25回目を迎えたという佐藤しのぶさんの「母の日に贈るコンサート」を聴きに行った。第1部はシューマン作曲の「女の愛と生涯」という8曲からなる歌曲を歌われたが、恋に落ちた一人の女性が愛し愛される喜びに目覚め、やがて身ごもり、しかし、最愛の夫が亡くなるという悲しい結末を迎える物語だった。その落差の表現が見事で、最後は主人公のことを思い、ドキドキしてしまった。


第2部はN響から名誉コンサートマスターの堀正文さん始め6名の奏者が登場され、佐藤しのぶさんとの共演もあれば、バイオリンやクラリネットの演奏もありという、さまざまな音楽を楽しめる贅沢で刺激に富む時間になった。演奏と演奏の間の佐藤しのぶさんのお話もユーモアたっぷりで観客席に笑いが起こり、とても和やかな空気に包まれた。

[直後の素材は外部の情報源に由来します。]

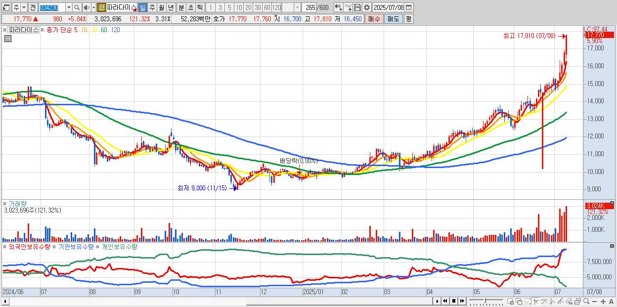 - 파라다이스 (17,780원 ▲ 5.9% , 시총: 16,221억, 거래량: 1,961,269, 거래대금:340억, KOSPI)

そんな中、佐藤しのぶさんが歌われた「約束」には、亡くなった母のことが思い出され、涙が出た。死の床にありながら幼い息子の将来を案じて涙を目にためる母親が出てくるが、その歌詞のところで亡くなった母のことを思い出した。最後の入院をしていた母は半ば意識も朦朧としていたのか、私が見舞うとベッドから起き上がろうとし、「お腹が空いてるやろ?何か作るわ」と言ったのだ。それを聞いた私は何とか泣き出すのを我慢し、「お母ちゃん、食べてきた。大丈夫や」と返すのがやっとだった。

母というのは本当に有り難い存在だ。それを佐藤しのぶさんが思い出させてくれた。感謝。